Coal-fired power plants could benefit from restrictions on carbon emissions.
Coal-fired power plants could benefit from restrictions on carbon emissions. (By Suzanne Plunkett -- Bloomberg News)
Sunday, August 26, 2007

If Congress and the White House agree on legislation that puts a price on carbon dioxide emissions, utilities that have a lot of nuclear power capacity, such as Exelon, could benefit from being able to sell carbon-free electricity. Others, such as American Electric Power, whose coal-fired plants are leading emitters of carbon dioxide, could face new costs. Exelon is up 17 percent percent since the beginning of the year, while AEP has gained 9 percent.

A cap-and-trade system would set a national ceiling on emissions and issue allowances for that amount. Companies with extra allowances could sell them to those falling short.

Michael G. Morris, chief executive of AEP, said, "We could support a cap-and-trade system, but it depends on what it looks like." In a cap-and-trade system, AEP would be hurt if lawmakers decide to auction all emission permits. Morris wants allowances distributed for free to current emitters. He also favors "safety valves" to limit carbon costs as well as incentives for carbon capture and storage techniques. "The key is to make sure we can continue to burn coal and do it as responsibly as we can and not to put a huge burden on our customers," Morris said.

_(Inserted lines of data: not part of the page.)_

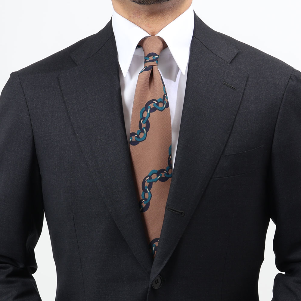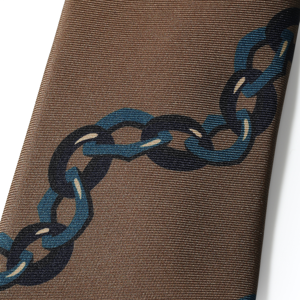 ・ロンドンが出自のネクタイブランド「Holiday & Brown(ホリデーアンドブラウン)」は、色使いや柄にさりげなくブリティッシュフレイバーを感じさせつつも、ヴィンテージ感ある柄や色使いを現代的にアップデートさせているのが持ち味です。こちらはチェーンモチーフのプリントタイ。
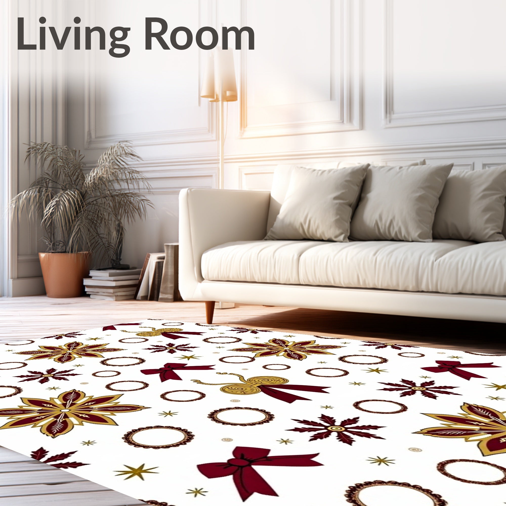 Flatwoven High Traffic Area Rug, Ornament Medallion with Ribbon Bow Flourishes, Non Slip, Stain Resistant, Washable Area Rugs for Living Room, Bedroom (Gold) Overview:
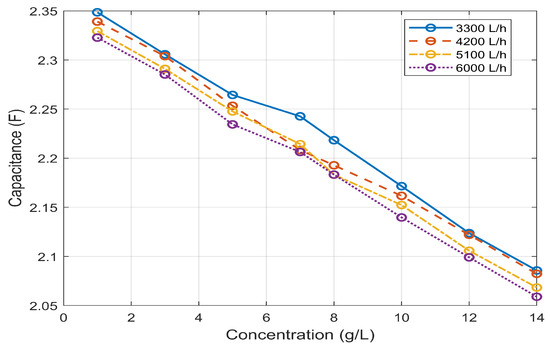 Figure 8 shows the dynamic behavior of the RFID system. This graph illustrates the relationship between capacitance (F) and concentration (g/L) for different flow rates (3300, 4200, 5100, and 6000 L/h). As the concentration increases, the capacitance decreases across all flow rates, demonstrating a consistent trend. The variations in capacitance for different flow rates highlight the system’s sensitivity to both flow rate and concentration changes.
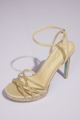 These ultra-glam strappy platform sandals with stiletto heels are topped with glittery rhinestones.
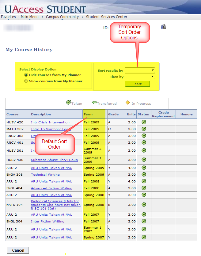 My Course History-Sort Order Defaults From Newest to Oldest Term
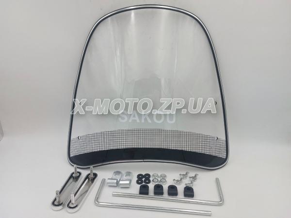 Ветровое стекло (ветровик) универсальное SAKOU на мотоцикл с резиновым ободком.

Any company that figures out the best method of separating carbon dioxide from coal-plant emissions and burying it safely underground stands to make lots of money. There are three unproven -- and costly -- technologies now, pioneered by the likes of General Electric, Siemens, Babcock & Wilcox and Alstom.

Meanwhile, the coal rush has showed some signs of slowing. Several plants have been blocked by lawsuits, soaring construction costs and regulatory delays. Citigroup recently downgraded coal stocks.

While conventional wisdom says that pricing carbon dioxide would put a burden on utilities that rely heavily on coal, a recent analysis by Jefferies & Co. said that coal-fired power plants "will also benefit from carbon restrictions assuming they receive an allocation of 25 percent or more of the annual required credits for free." Anything above that "would result in additional margin and profits," the analysts said. The middle-of-the-road proposal backed by Sens. Jeff Bingaman (D-N.M.) and Arlen Specter (R-Pa.) would give utilities more than 50 percent to start with. That explains why so many utility executives endorsed the bill.

The Jefferies analysts said that with a 50 percent allocation of carbon credits and a price of $20 per ton of carbon dioxide, coal-fired electric plants could boost margins by $5.12 per megawatt hour.